Create the harness-doctor label first if absent (gh label create harness-doctor --color BFD4F2 --description "Drift/bug found by /harness-doctor"). If gh is unauthenticated or offline, write the issue bodies to .cheese/harness-doctor/issues-<date>.md and tell the user to file them.

7. Learn — write back to the wiki

When the audit surfaces a new drift pattern or a non-obvious root cause a future doctor run would otherwise re-derive, persist it via add_markdown (one topic per file, the why not the what — follow .hallouminate/wiki/index.md conventions).

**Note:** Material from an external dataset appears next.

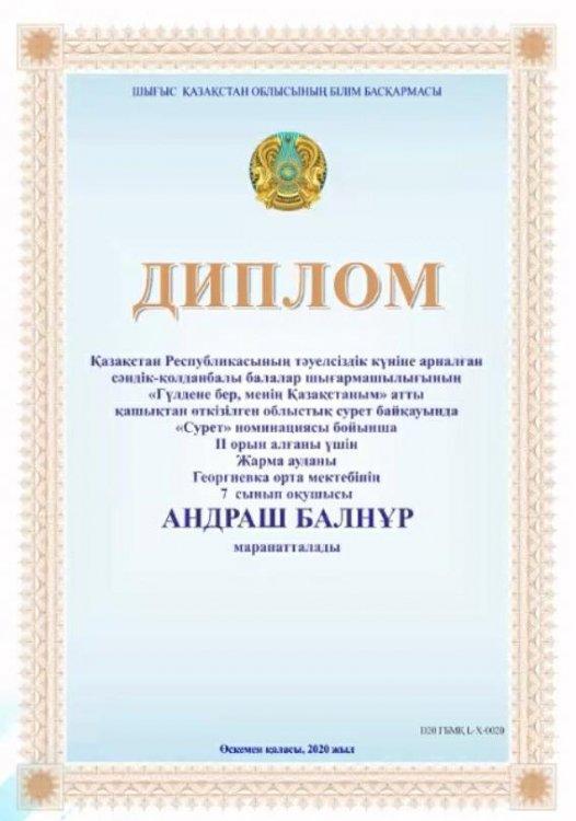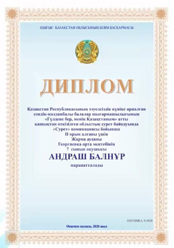 Қазақстан Республикасының Тәуелсіздігін мерекелеу қарсаңында балалар мен жасөспірімдердің шығармашылық қызметке деген ынтасын арттыру, дарынды балаларды анықтау және қолдау, олардың шығармашылық өзін –өзі жүзеге асыруына жағдай жасау арқылы балалардың бойында патриоттық сезімді қалыптастыру мақсатымен «Гүлдене бер, менің Қазақстаным» көркем өнер облыстық сурет байқауы өтті. Байқаудың облыстық кезеңіне «Сурет» номинациясы бойынша «Георгиевка орта мектебі» КММ-нің 7-сынып оқушысы Андраш Балнұр қатысып, жүлделі ІІ орынды иеленді. Жетекшісі Беккасимова Л.Т. Жеңімпаз иесін және жетекшісін құттықтаймыз!!!

Good homes:

• A recurring drift class → extend harnesses/<harness>.md § drift, or a new architecture/config-drift.md.
• Don't duplicate AGENTS.md or the code; link related pages with [[name]].

After writing, the file reindexes automatically; if you edited via a plain file write instead, run hallouminate index.

8. Report

Emit a compact summary grouped by class:

## harness-doctor — <date>

### Healed (N)
- <harness>: <what was pruned> — <one-line why>

### Filed as issues (N)
- #<num> <title>

### Expected-local (ignored, N)
- <harness>: <entry> — user-added

### Needs your call (N)
- <ambiguous item> — <question>

Lead with what changed and what needs the user's attention. Keep file dumps out of the report — cite file:line, don't paste.

Guard rails

• Never rewrite a live config by hand when a tested helper exists.
• Never touch settings.json's non-hook keys, the JS guards, rtk, or inline user hooks — those are not plugin-managed.
• Never open an issue without deduping against open issues first.
• Never fabricate git history or a wiki claim — cite the commit / page.
• Healing edits a user-owned file in place: the renderers rewrite settings.json / config.toml directly with no backup file. There is no .bak to report — git / chezmoi is the undo path. Always report which file changed and what was pruned.